Remember this song?
As some of you may have seen on certain Discord servers, the second edit of the music video to At the Ends of the Earth is out. It is by no means finished, and on Friday, I'll be meeting our filmographer, Chris Davis, at Soundskills to go over any possible changes.
I'm well aware that from the time I posted this song and considered it done, it's been nearly a year. Hopefully we'll see its completion not long from now!
Meanwhile, have a little teaser. It feels like I'm dangling a carrot. I don't mean to.
Cyberdevil
Good items take long times to accomplish hmm... interesting loop there too. I'm imagining if you could add in the sequence playing backwards too it'd make for a seamless one, wonder if that's easy to do with whatever software you use for these...
Was just 'bout to stop by and say thanks for that recent response, interesting coincidence with the floating tank (Motoko was submerged in one of those at the start of Ghost in a Shell too you know?) and AI really feels like a threat in the future... not just with creative work but everything. Maybe more so everything that's NOT creative. I remember Pharrel in a recent interview saying musicians have something that AI currently does not, which is intuition. They can predict things, and mimic human creation, but they just don't have the prerequisite something special to do something totally different than what it seems they're meant to. When all paths point right but you just really feel like you need to go left instead... that's the beautify of our craft.
Spontaneity, maybe. Unpredictability. That it's all not just according to calculation and that predetermined pattern.
Troisnyx
I just chucked a segment of the video on Giphy. ? I didn't think of making it a seamless loop, though admittedly, it looks like I'm trying to hypnotise someone. Chris is using Final Cut Pro for the editing and perhaps, the idea may have crossed his mind.

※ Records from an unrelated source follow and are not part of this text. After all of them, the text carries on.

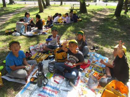 京都駅の中を通りながら,駅の様子を見ました。バスに乗り,京都御所に移動してから昼食をとりました。おいしいお弁当を食べ,元気いっぱいになっていました。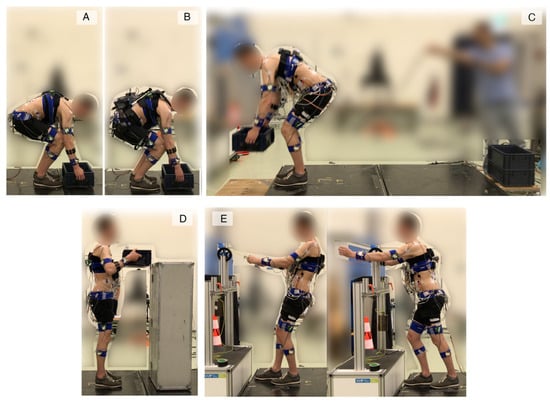 23]. In short, they activated their back and abdominal muscles with a maximum effort. The peak values of the linear envelope of the EMG signals were defined as the MVC for each muscle. Then, they carried out different work-related tasks, namely, (A) lifting from the ground without an exoskeleton, (B) lifting from the ground with an exoskeleton, (C) box stacking, (D) lifting from a shelf, and (E) pulling and pushing (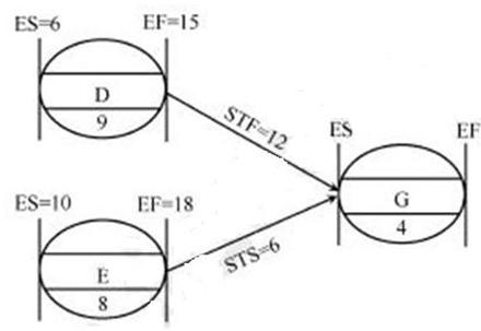 在单代号搭接网络图中,工作G的持续时间为4天,紧前工作有D、E工作。工作D→G之间的搭接关系为STF=12天,工作E→G之间的搭接关系为STS=6天,D、...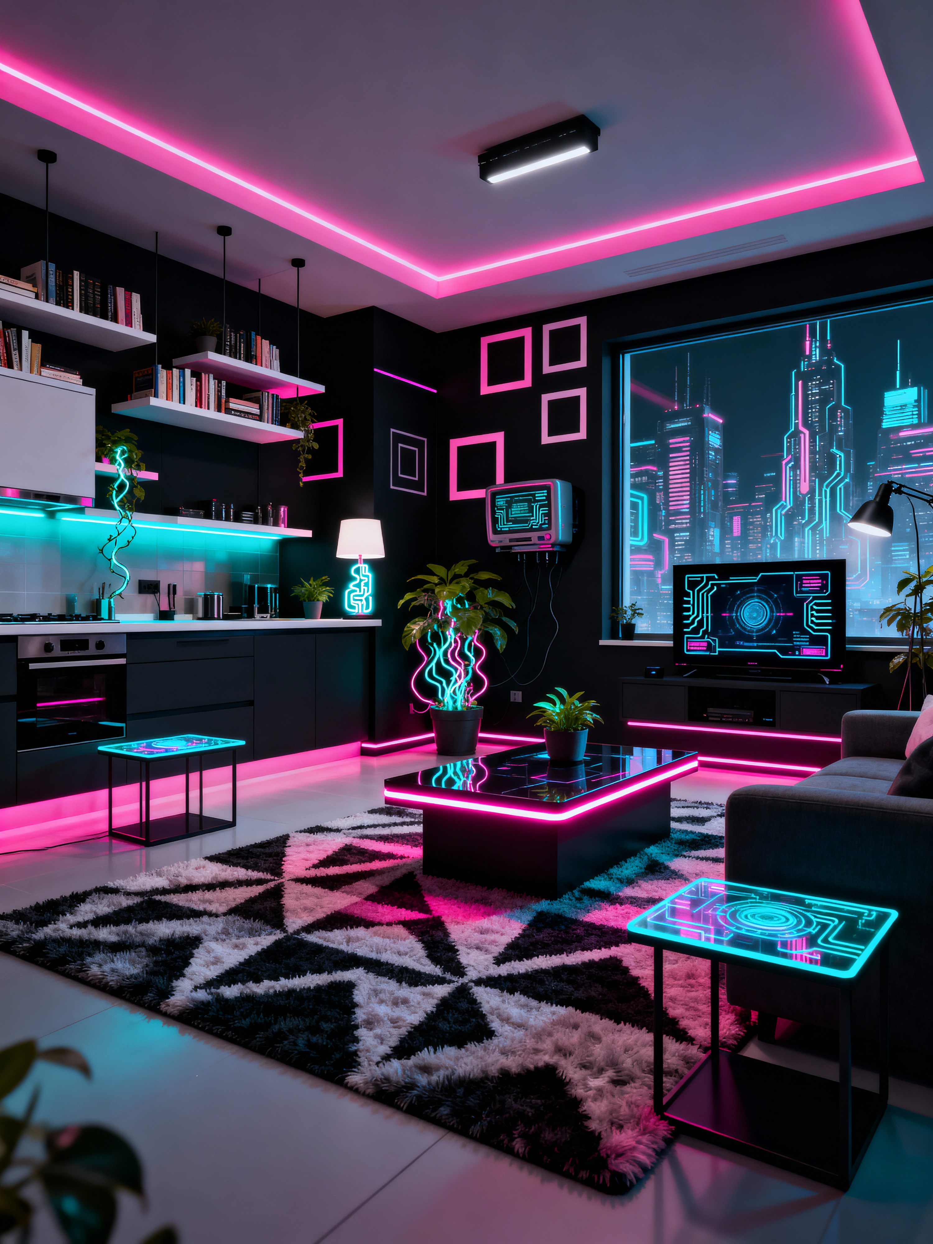 kitchen living combo with cyberpunk style with bookshelves and rug and occasional tables and plant and coffee tables and televisions and electric lamps and plant. . with strong geometric walls and cyberpunk lights and futuristic cybernetic city and clean straight square lines and black lights and cyberpunk lights and futuristic cybernetic details and synthwave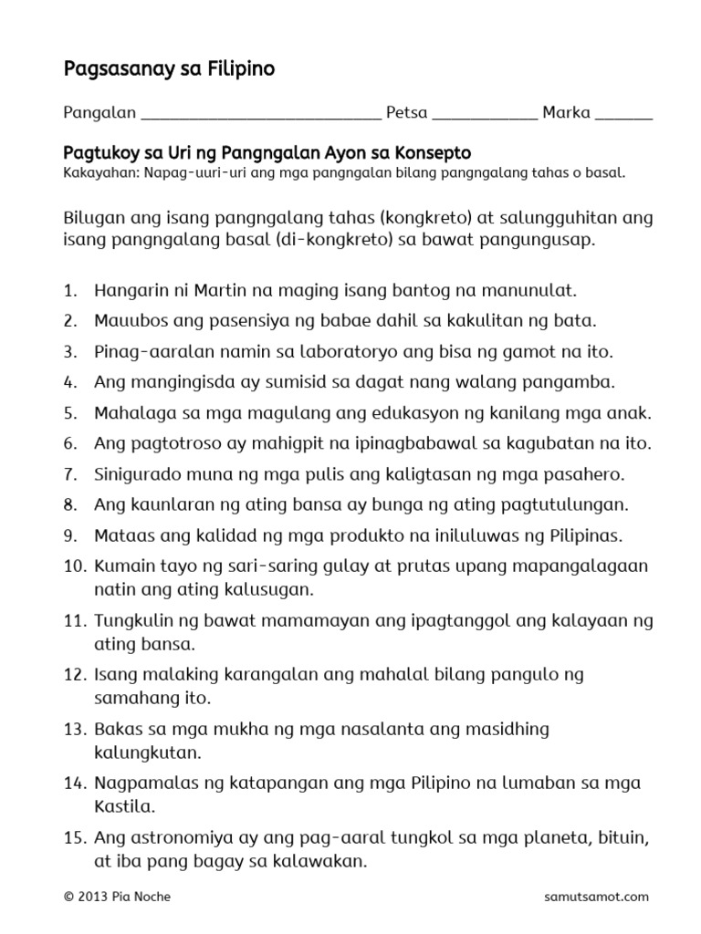 It also has a table with examples of these two types of nouns. Pagtukoy sa Uri ng Pangngalan Ayon sa Konsepto Mga Sagot Bilugan ang isang pangngalang tahas kongkreto at salungguhitan ang. Kung ang bawat mamamayan ay gagawa ng makakaya uunlad ang ating bansa.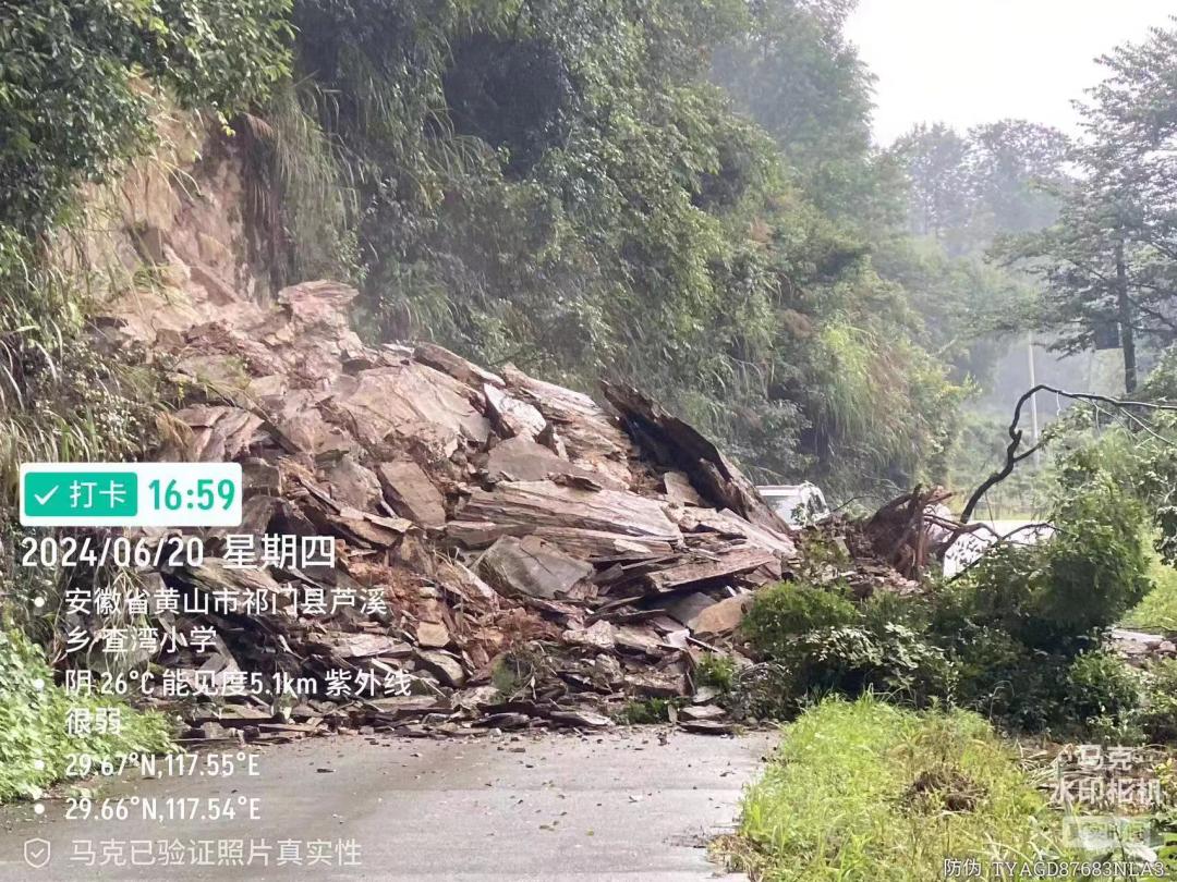 6月20日12时,黄山市祁门县芦溪乡查湾村灾害风险隐患信息报送员李加强、胡亚霖在巡查时发现,该村前往尚田村民组路边山体有碎石滑落现象,且整个山体底部有空洞,随时可能滑坡。2人立即上报,同时拉设警戒线,安排人员在道路两边执勤值守,提醒过往人员注意安全。16时左右,碎石开始持续滑落。
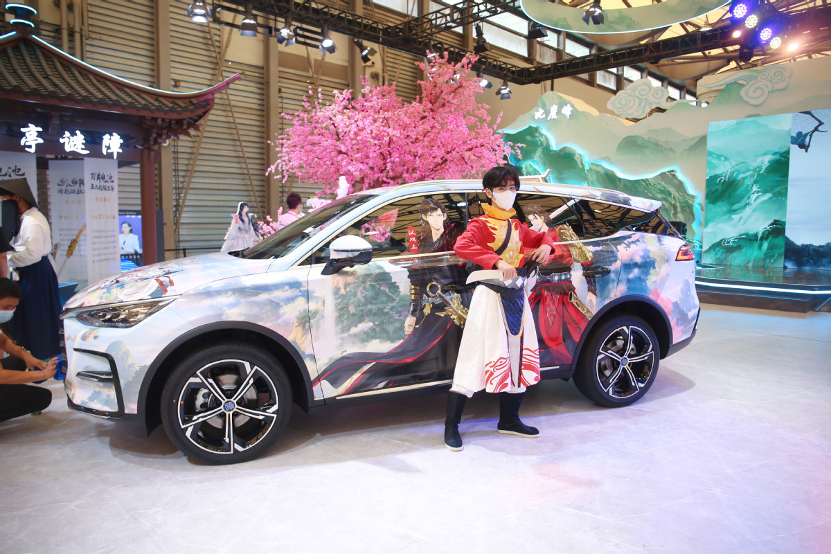 Chinese carmaker BYD showcases a new Chinese-style model at China Joy on Aug 4, 2021. [Photo/IC]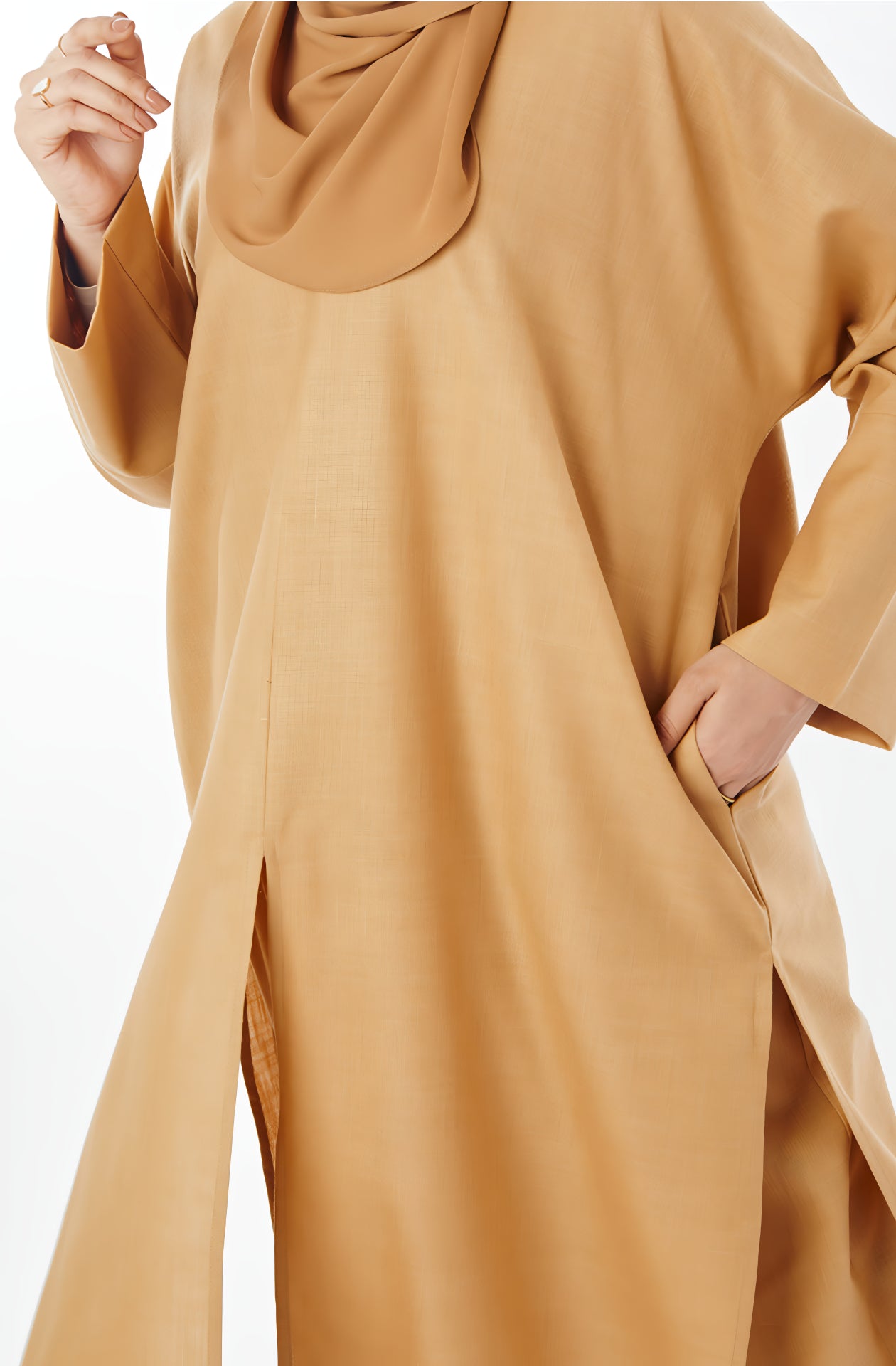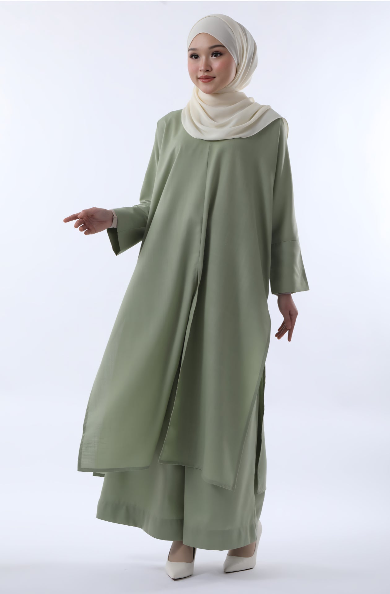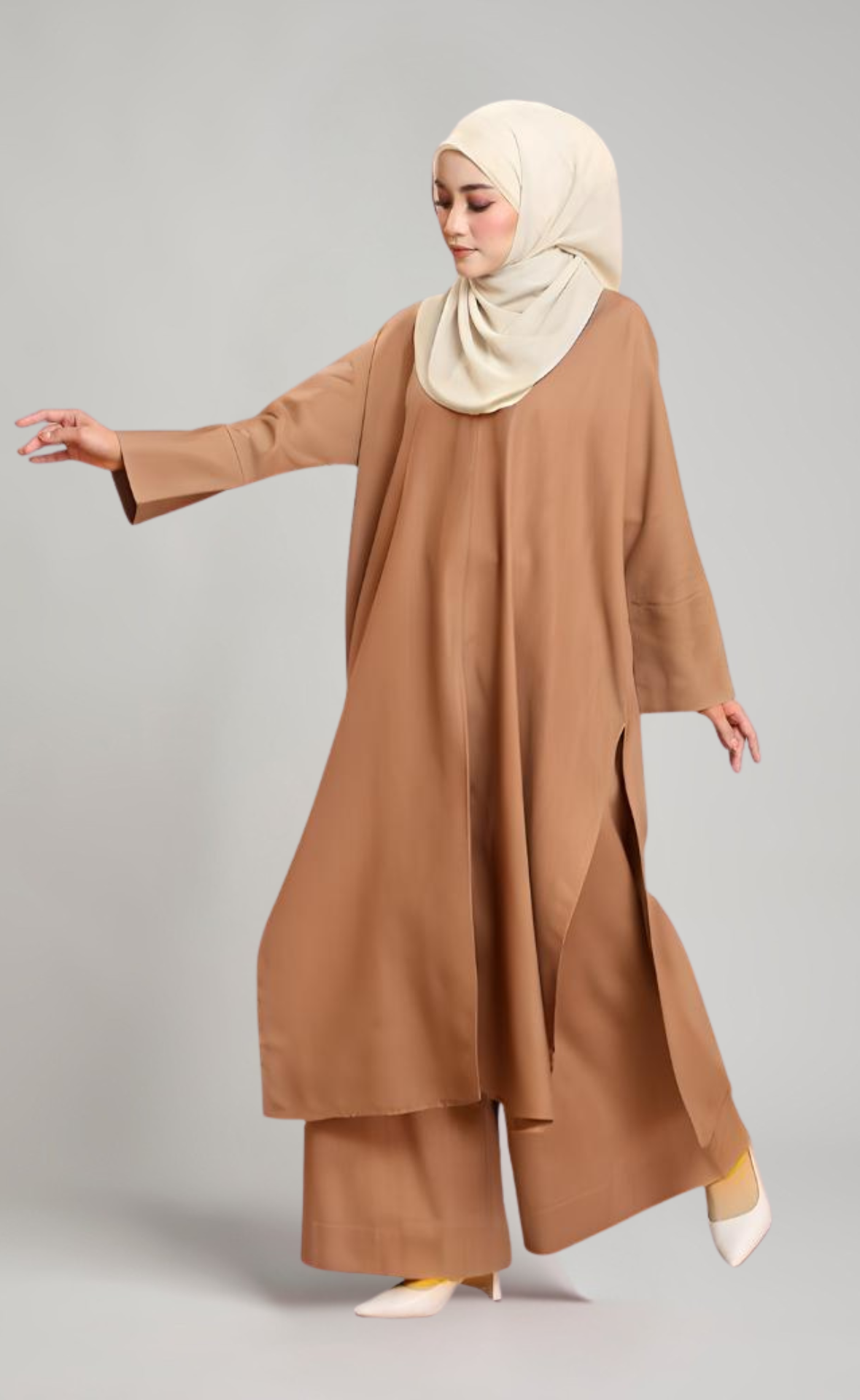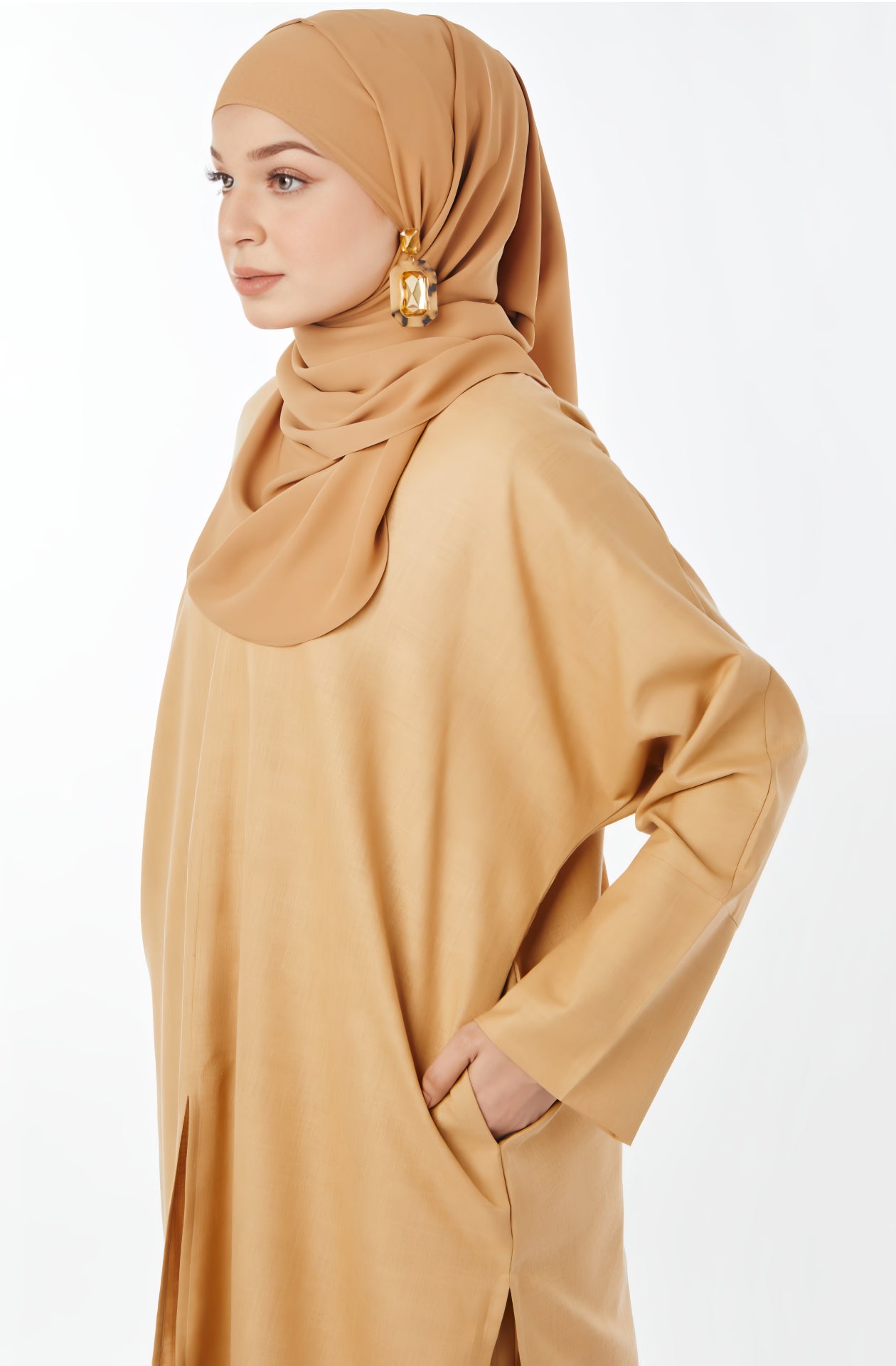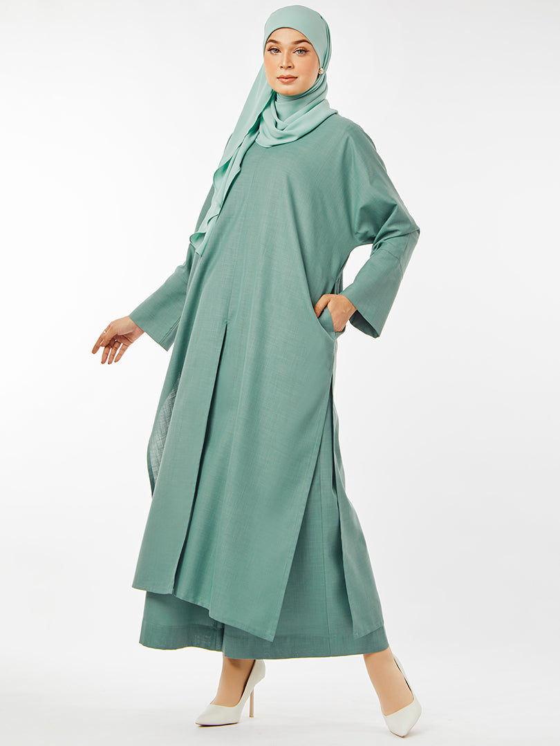 Tampilkan gaya elegan dengan Jenna Kaftan, inspirasi Timur Tengah yang disuntik elemen moden untuk bergaya dengan lebih selesa dan mudah. Kini dalam set lengkap, Jenna Kaftan hadir dengan rekaan longgar yang beralun serta belahan anggun di bahagian depan dan sisi, memastikan kesopanan terjaga disamping nampak menawan. Pilihan ideal untuk wanita Muslimah yang menghargai fesyen dalam masa yang sama dapat menutup aurat dengan sempurna.

I wholeheartedly agree with you; I feel that craft isn't dead. That art and music are not the remit of algorithms. If ever the repetitive, money-generating work is taken over by machines, we should be making our arts and culture flourish. I only hope that my stuff goes left field enough to be different, to offer something new to the world. I don't honestly know if I'm doing that, and the thought of it does worry me.